- _Exercise_: Copy each line of the entries that includes the word "pregled".

**** Source data

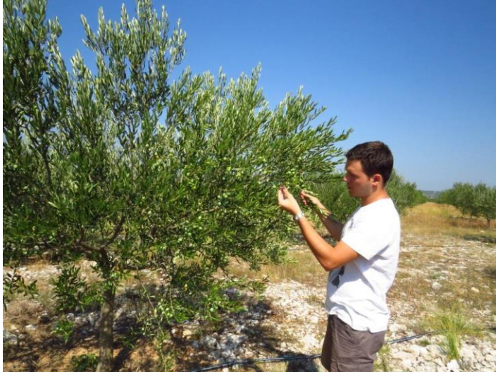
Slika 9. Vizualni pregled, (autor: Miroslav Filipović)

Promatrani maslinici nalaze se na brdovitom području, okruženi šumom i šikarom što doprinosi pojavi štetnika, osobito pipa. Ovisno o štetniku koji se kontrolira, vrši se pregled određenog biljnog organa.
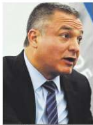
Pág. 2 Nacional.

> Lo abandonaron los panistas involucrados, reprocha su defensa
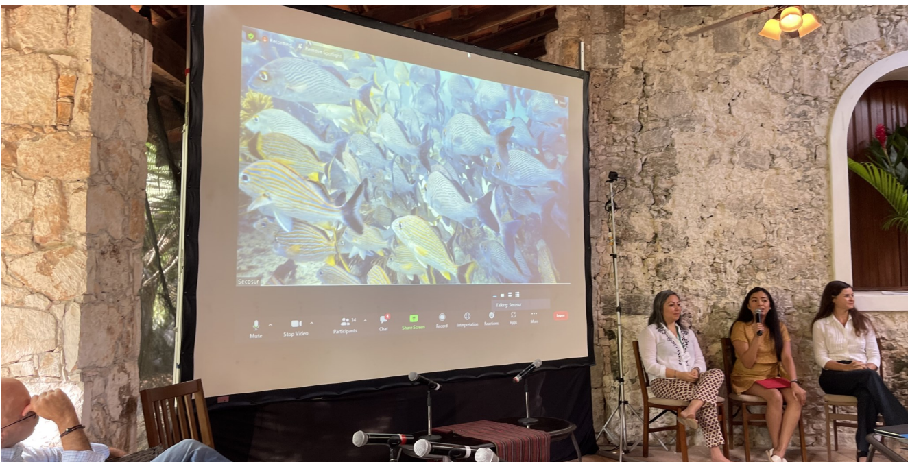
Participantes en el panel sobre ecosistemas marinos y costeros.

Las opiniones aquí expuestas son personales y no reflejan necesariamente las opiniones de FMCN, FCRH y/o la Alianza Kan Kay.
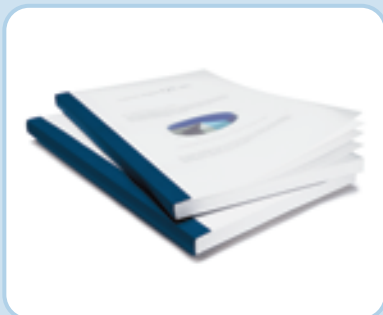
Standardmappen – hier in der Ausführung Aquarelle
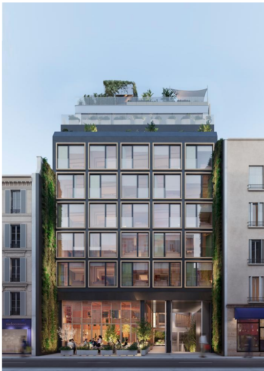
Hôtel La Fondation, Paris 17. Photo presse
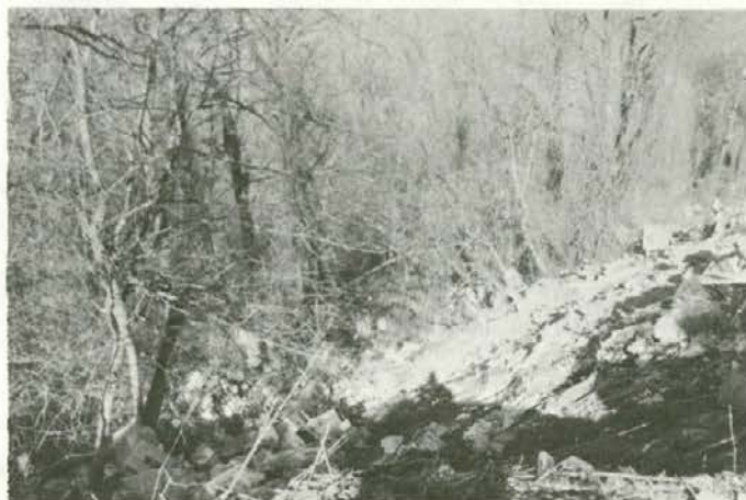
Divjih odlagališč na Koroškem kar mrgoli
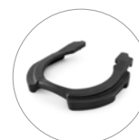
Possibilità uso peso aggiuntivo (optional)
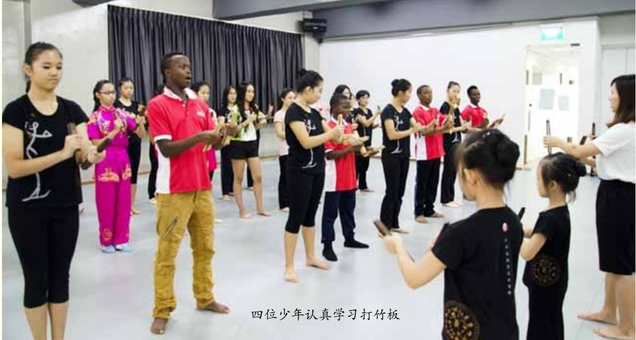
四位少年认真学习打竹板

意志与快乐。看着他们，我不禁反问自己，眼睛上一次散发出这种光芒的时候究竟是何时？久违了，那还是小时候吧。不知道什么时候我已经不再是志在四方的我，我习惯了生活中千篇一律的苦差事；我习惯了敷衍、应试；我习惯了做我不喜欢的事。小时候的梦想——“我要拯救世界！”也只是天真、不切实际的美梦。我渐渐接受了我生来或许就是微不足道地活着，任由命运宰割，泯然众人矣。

********

- _Response to the exercise_:
Slika 9. Vizualni pregled, (autor: Miroslav Filipović)
Promatrani maslinici nalaze se na brdovitom području, okruženi šumom i šikarom što doprinosi pojavi štetnika, osobito pipa. Ovisno o štetniku koji se kontrolira, vrši se pregled određenog biljnog organa.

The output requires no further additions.